§ **WORK INSTRUCTION**
The full listing should be written out verbatim, and its images should be dropped.

§ **DATASET SECTION**

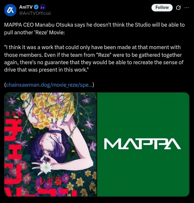 All fujimoto had to do was bring Reze back, part 2 wouldn't have happened like it did if he did that.
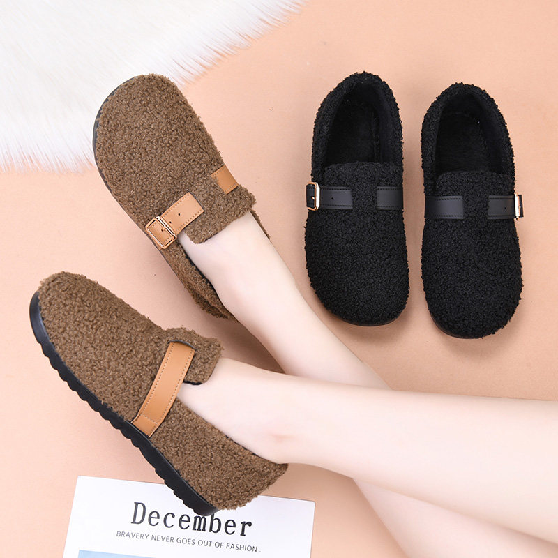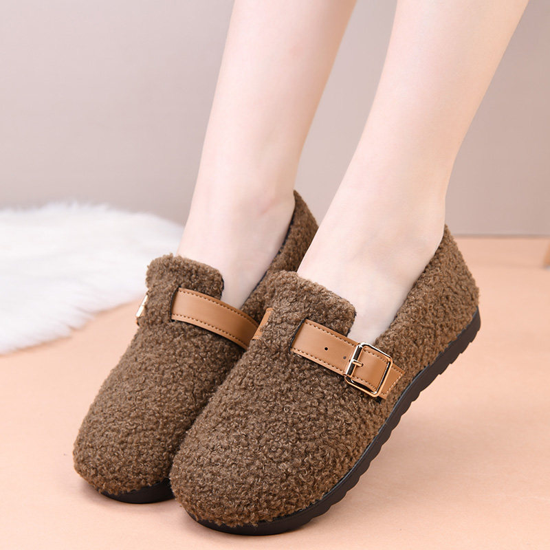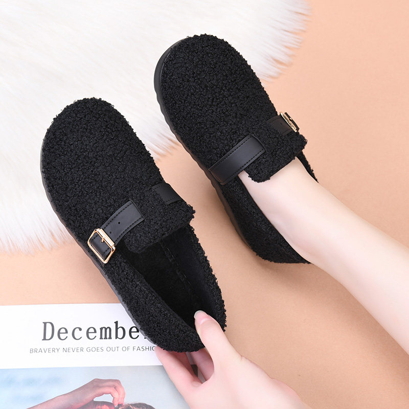 2025新款冬季加绒老北京布鞋保暖女款棉鞋平底防滑一脚蹬妈妈棉鞋
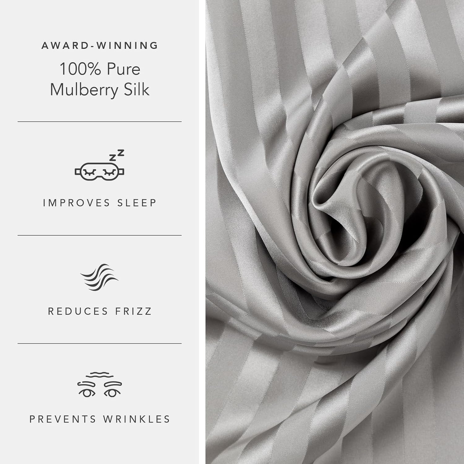 - BEAUTY BENEFITS: 100% Pure Mulberry Silk has been tested and proven to Prevent Wrinkles, Regulate Sleep Temperature & Protect Hair Damage.

§ **ANSWER AREA**
 All fujimoto had to do was bring Reze back, part 2 wouldn't have happened like it did if he did that.
 2025新款冬季加绒老北京布鞋保暖女款棉鞋平底防滑一脚蹬妈妈棉鞋
 - BEAUTY BENEFITS: 100% Pure Mulberry Silk has been tested and proven to Prevent Wrinkles, Regulate Sleep Temperature & Protect Hair Damage.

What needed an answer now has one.